Data for processing
□ □ □

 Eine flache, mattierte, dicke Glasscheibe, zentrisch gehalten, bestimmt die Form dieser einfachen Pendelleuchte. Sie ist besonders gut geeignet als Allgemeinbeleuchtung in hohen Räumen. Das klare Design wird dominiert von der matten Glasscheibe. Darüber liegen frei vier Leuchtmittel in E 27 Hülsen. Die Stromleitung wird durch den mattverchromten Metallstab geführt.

□ □ □

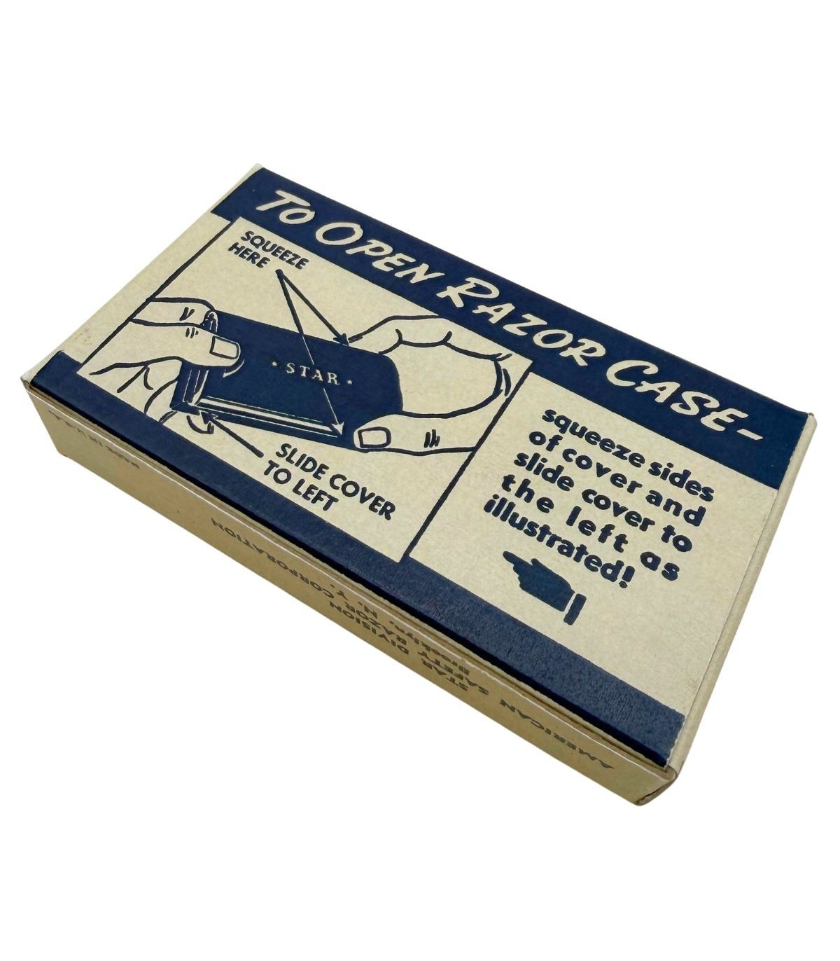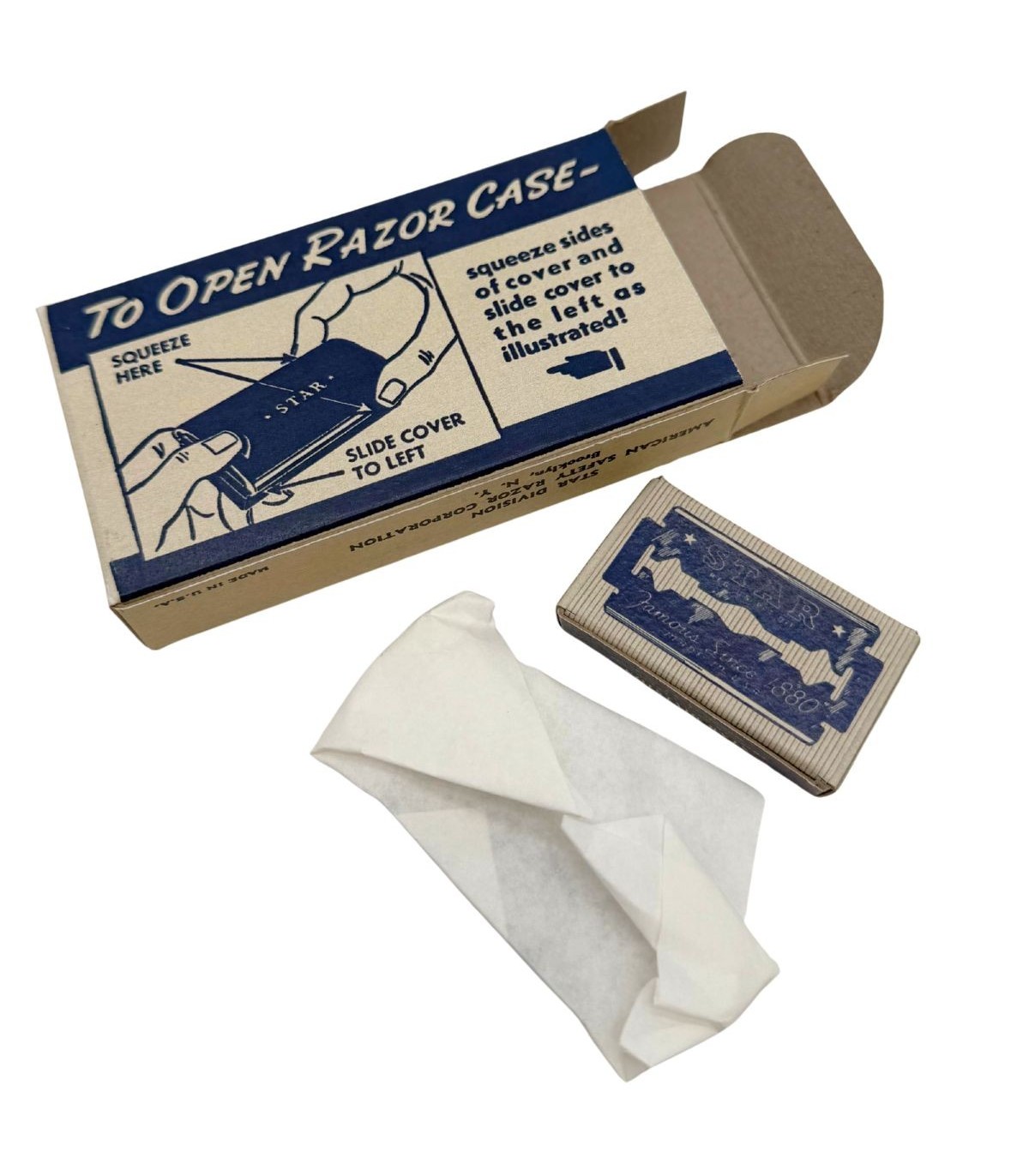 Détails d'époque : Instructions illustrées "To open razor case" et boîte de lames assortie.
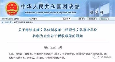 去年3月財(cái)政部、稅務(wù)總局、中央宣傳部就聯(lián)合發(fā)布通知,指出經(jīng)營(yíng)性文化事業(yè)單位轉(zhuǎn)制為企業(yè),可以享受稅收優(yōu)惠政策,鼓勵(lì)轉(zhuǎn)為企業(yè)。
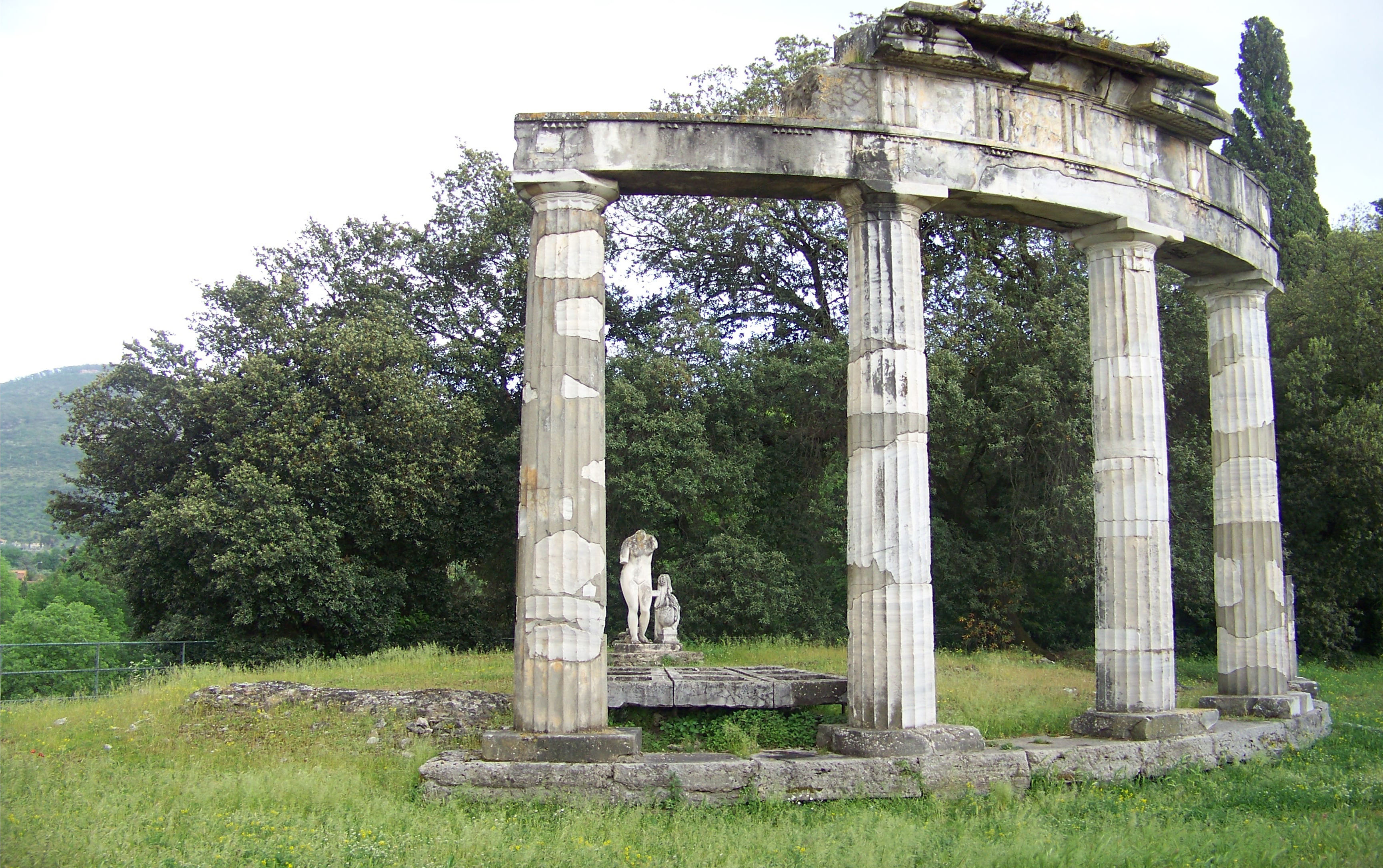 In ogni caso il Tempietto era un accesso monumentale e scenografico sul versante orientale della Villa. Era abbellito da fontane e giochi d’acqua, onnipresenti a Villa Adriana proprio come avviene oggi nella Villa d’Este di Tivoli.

□ □ □

Task directions
Return exactly the lines of the material above, starting at the line containing "去年3月財(cái)政部、稅" and finishing at the line containing "In ogni caso", without any pictures.

Answer to this exercise
 去年3月財(cái)政部、稅務(wù)總局、中央宣傳部就聯(lián)合發(fā)布通知,指出經(jīng)營(yíng)性文化事業(yè)單位轉(zhuǎn)制為企業(yè),可以享受稅收優(yōu)惠政策,鼓勵(lì)轉(zhuǎn)為企業(yè)。
 In ogni caso il Tempietto era un accesso monumentale e scenografico sul versante orientale della Villa. Era abbellito da fontane e giochi d’acqua, onnipresenti a Villa Adriana proprio come avviene oggi nella Villa d’Este di Tivoli.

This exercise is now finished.